Случались дни, когда с утра она вдруг складывала рюкзачок и уезжала – неважно куда, – порой совсем недалеко; хотя накануне собиралась целый день сидеть за работой… Но приходила ночь, наваливалась, гнала и гнала… Анна мчалась от кого-то, ее настигали… невидимый сзади хватал, сжимая локти в яростной любовной схватке… и с ним она боролась до зари – Нет, Ты мною не развлечешься! – и вдруг отпущенная на волю чьим-то высочайшим милосердием, боясь поверить, летела по краешку неба на своем мотоцикле в одержимой надежде прорвать на сей раз зеркальную пленку небес.

…Так, в марте, заскучав по Сене, она вдруг собралась и поехала в Рюдесхайм, где, точно по заказу, опять угодила в парной туман, что клубился и укутывал городок в горах плотным ватным одеялом. И все-таки там ей полегчало, словно туман окутал и ее бедную голову, оберегая, утепляя, на время даже ослабив шумовой обруч…

До полудня она бродила одна по улочкам, затем пообедала в их с Сеней глубоком беленом подвале. Взяла какое-то простое блюдо, чуть ли не тушеную капусту с сосисками, и съела все подчистую, подталкивая на вилку корочкой хлеба, – что случалось с ней в последние месяцы не часто.

А выпив кофе, опять пошла бродить и, оказавшись перед кассой канатной дороги, вдруг купила билет и села в подкатившую на круге люльку.

Пока люлька всплывала, схватившись корявой железной рукой за железный трос, еще слышны были вальсы, что играл оркестрик в ближайшем ресторане, голоса людей, мерное спотыкание шарманки, перестукивание колес короткого – вагонов пять всего – пригородного состава… Шлагбаум изумленно развел обеими руками и утонул…

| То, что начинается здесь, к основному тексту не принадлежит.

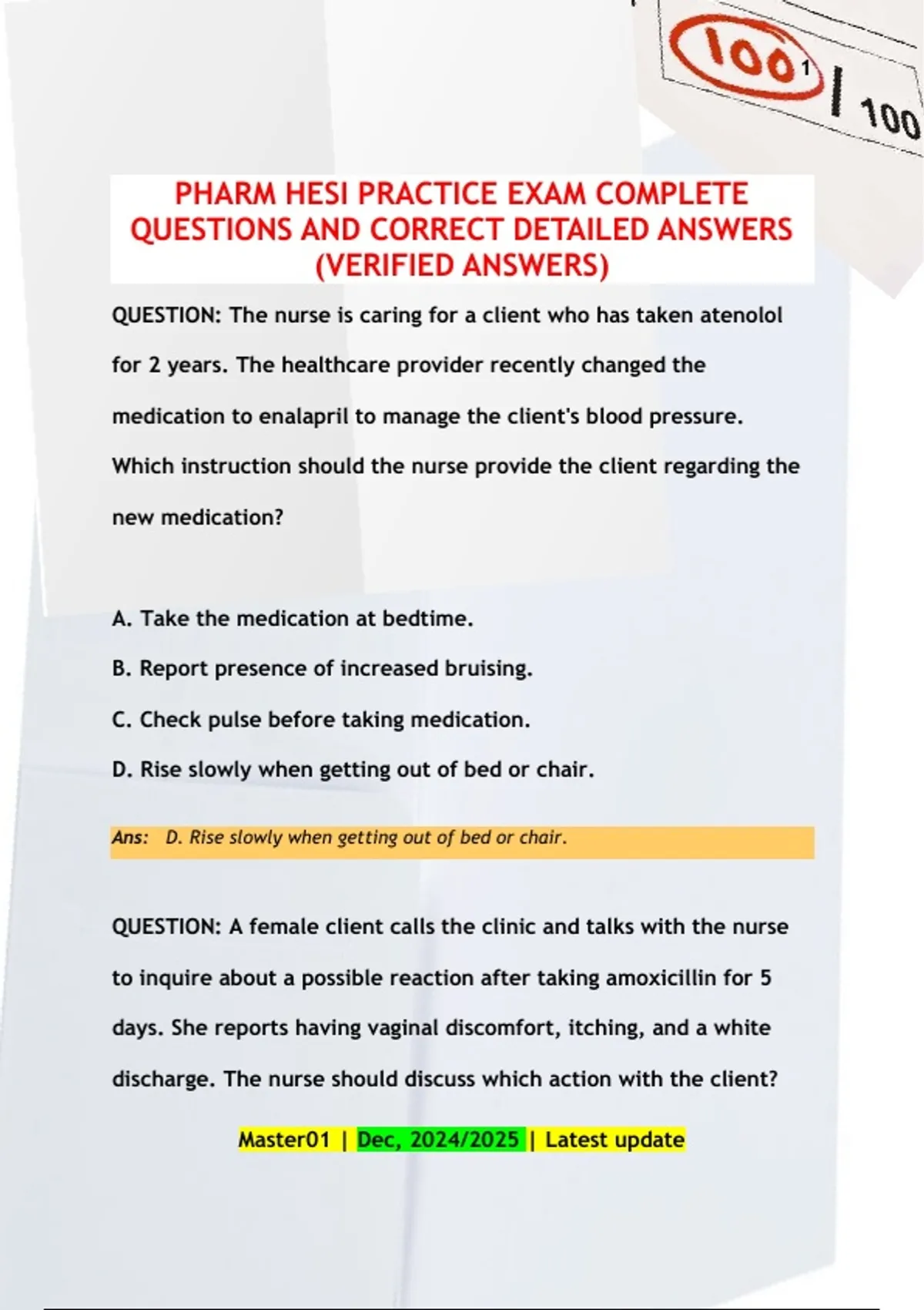 Pharm HESI Practice Exam 2026 | Complete Verified Questions & Detailed Answers

Пока железная ладья всплывала над городком, внизу еще виднелась драконья чешуя мокрых сланцевых крыш: музей музыкальных инструментов (четыре пинакля, на каждом – флюгерок-фраерок), четырехугольная, из бурого камня, башня монастыря с краеведческим музеем виноделия… Еще виднелась широкая полоса Рейна, по которой тащилась плоская баржа, – ее нагонял двухпалубный пароходик «St. Nikolaus I». На противоположном лесистом берегу лишь угадывались очертания «Замка ведьмы». Затем и это сглотнул туман, и остались только борозды низких кудрявых виноградников под всплывающей люлькой, ряды бесконечных виноградников, прочерченных в разных направлениях, и так, и сяк по склонам гор…

Наконец и они пропали. Все вокруг потонуло в белесом безмолвии тумана; лишь тихий гул и мелкое потряхивание.

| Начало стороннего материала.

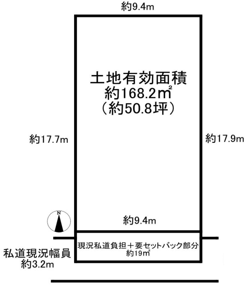 | 接道 | 南 3.2m(幅員) 私道 9.4m(接面) |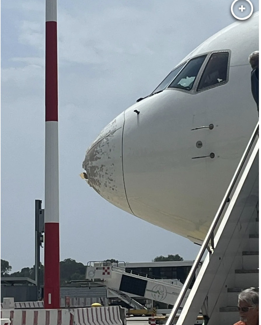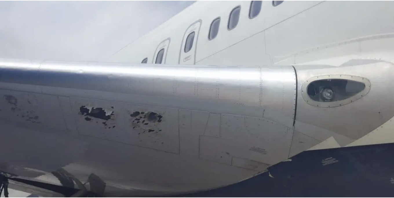 Hình ảnh do các hành khách đăng tải trên mạng cho thấy, mũi máy bay bị thủng một lỗ lớn, trong khi phần cánh bị hư hại.

Люлька зависла в облаке, застопорилась между времен, будто время соскочило с бороздки и прокручивалось: башня, замок, поезд, туман… башня… туман… виноградники… замок… туман…

Ее вдруг охватило тяжелое чувство повторения сюжета.

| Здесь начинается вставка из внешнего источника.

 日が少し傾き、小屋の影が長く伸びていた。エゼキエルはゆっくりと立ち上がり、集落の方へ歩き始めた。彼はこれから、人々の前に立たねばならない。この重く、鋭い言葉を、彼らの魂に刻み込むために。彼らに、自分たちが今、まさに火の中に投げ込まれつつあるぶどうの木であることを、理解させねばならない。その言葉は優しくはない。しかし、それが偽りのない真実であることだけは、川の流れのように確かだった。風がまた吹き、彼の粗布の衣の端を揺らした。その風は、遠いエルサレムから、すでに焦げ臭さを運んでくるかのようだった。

Время пустилось совершать туманный подъем для нее одной. Не хватало еще, подумала она с неясным страхом, чтобы из тумана во встречной люльке выплыл тот, лупоглазый… тот альбинос, похожий на…

И он сразу же и выплыл: альбинос в рыжей тирольке. И – будто не шелохнулся с прошлого раза, а все восходил и сплавлялся, сплавлялся и восходил по железным тросам вдоль линованных виноградниками склонов, тараща розовые глаза в пухлую туманную вату… Лишь дьявольское оперное перышко в его шляпе дрожало в такт гудению проводов.

Прошло минут пять, а она сидела в прострации, с зашторенными плотной пеленой зеркалами, не в силах двинуться…

И когда пересела в обратную сторону, все твердила себе, что лупоглазых толстяков в тирольских шляпах в Германии тысячи, в конце концов, это мог быть местный почтальон, который живет где-то в горной деревушке и каждый день спускается вниз на работу по этой канатной дороге…

Все было безуспешно. Ей казалось, что и разбирательства с собой и миражным тирольцем уже были, были, и этот блик минувшего времени, отразившись в зеркальце ее пудреницы, покатился по горам-виноградникам, а сейчас вернулся, явив отражение толстяка-альбиноса…

Внизу, однако, туман был не столь густым; зажглись фонари, народу прибыло.

Она немного отошла от испуга и решила немедленно уехать в оживленный студенческий Гейдельберг – возможно, там и переночевать в одной знакомой уютной гостинице… Но повернув на центральную улицу, уперлась в ворота замка, в который безуспешно пытался затащить ее Сеня. Ну, если так, подумала она, освоим на сей раз музыкальную коллекцию. Сеня будет в восторге…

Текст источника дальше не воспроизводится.